Mike Barca

Personal information
- Full name: Miguel Barca
- Date of birth: January 30, 1954 (age 72)
- Place of birth: Newark, New Jersey, U.S.
- Position: Goalkeeper

Youth career
- 1971–1974: Fairleigh Dickinson University

Senior career*
- Years: Team / Apps / (Gls)
- 1975: Hartford Bicentennials / 1 / (0)
- 1976–1978: New Jersey Americans /  / (0)
- 1978–1979: Cleveland Force (indoor) / 10 / (0)

= Mike Barca =

American soccer player (born 1954)

Miguel "Mike" Barca (born January 30, 1954) is an American retired soccer goalkeeper who played professionally in the North American Soccer League, American Soccer League and Major Indoor Soccer League.

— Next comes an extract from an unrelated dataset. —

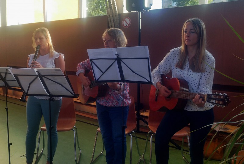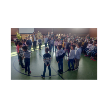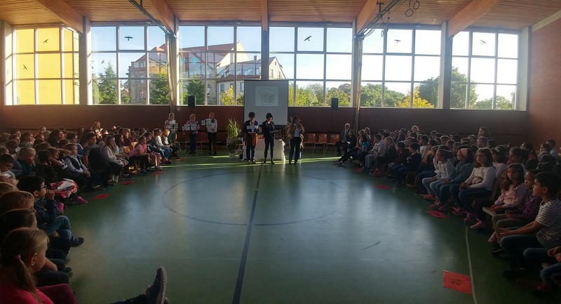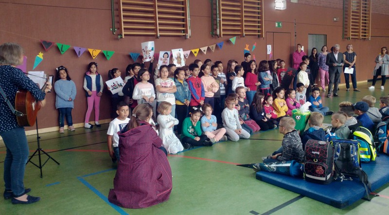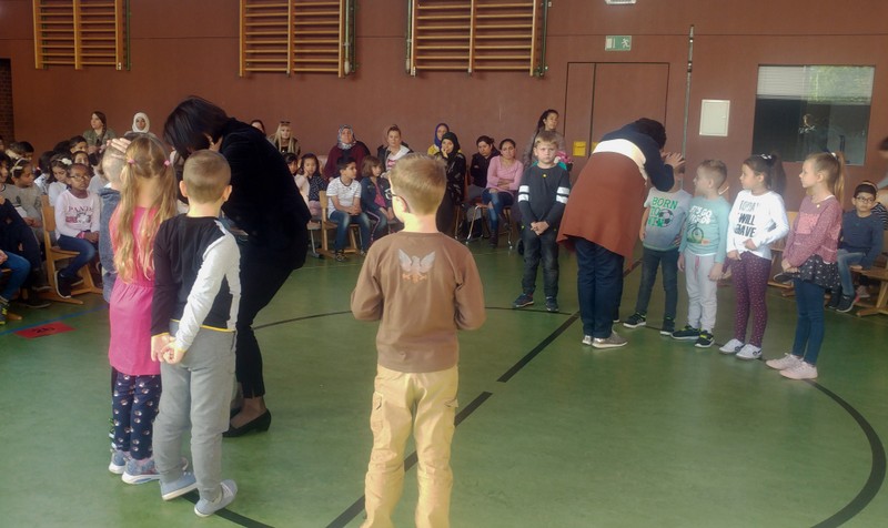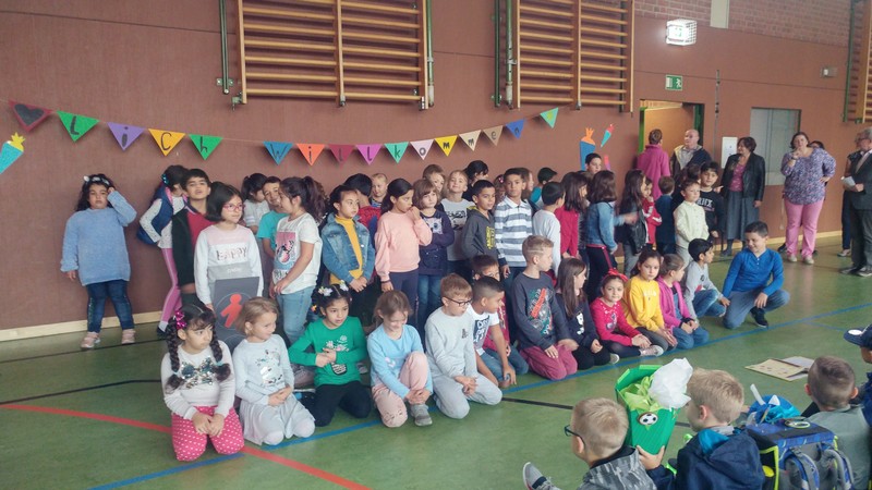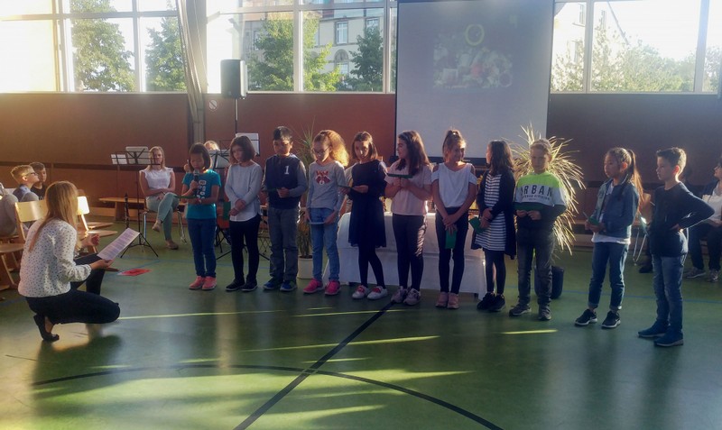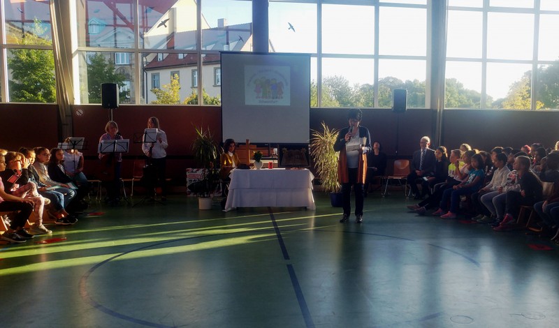Zur gemeinsamen multireligiösen Anfangsfeier versammelte sich die ganze Schulfamilie in der Turnhalle. Schulleiter Herr Redolfi konnte alle Schüler und Lehrkräfte der Friedrich-Rückert-Schule sowie einige Eltern und Freunde der Friedrich-Rückert-Schule begrüßen. Die Geschichte von der Sonnenblume und dem Spatz - vorgelesen von Schülern der Klassen 4a und 4b - erzählte sehr anschaulich von einer ganz besonderen Freundschaft zwischen zwei ganz unterschiedlichen Lebewesen. Anschließend wurden die Erstklässler in die Mitte gerufen und - begleitet von einem Segen oder einem guten Wunsch - in der Schulgemeinschaft begrüßt. Danach trugen Kinder aus verschiedenen Klassen kleine Bitten vor, bevor Herr Redolfi zum Abschluss besonders den Religionslehrerinnen Frau Cetinkaya, Frau Gobs-Knoche und Frau Kneuer für die Vorbereitung, dem Lehrerorchester für die gelungenen musikalische Untermalung und allen Lehrkräften und Kindern dankte, die mit dieser besonderen Feier wieder einmal gezeigt haben, das Lernen und Feiern auch über verschiedene Kulturen und Religionen hinweg möglich ist.

Barca attended East Side High School in Newark, New Jersey and Fairleigh Dickinson University where he played on the men's soccer team from 1971 to 1974. He was a 1974 Honorable Mention (third team) All American and graduated in 1975 with a bachelor's degree in mathematics.

Barca turned professional in 1975 with the Hartford Bicentennials of the North American Soccer League. In 1977, he joined the New Jersey Americans of the American Soccer League] where he played two seasons. In 1978, he signed with the Cleveland Force of Major Indoor Soccer League. Barca retired from professional soccer in 1980. In April 1982, Monchik Weber hired Barca as a program manager. In 1984, he moved to AT&T where he held a variety of management positions over the next twenty-two years. He became an independent contractor in 2007.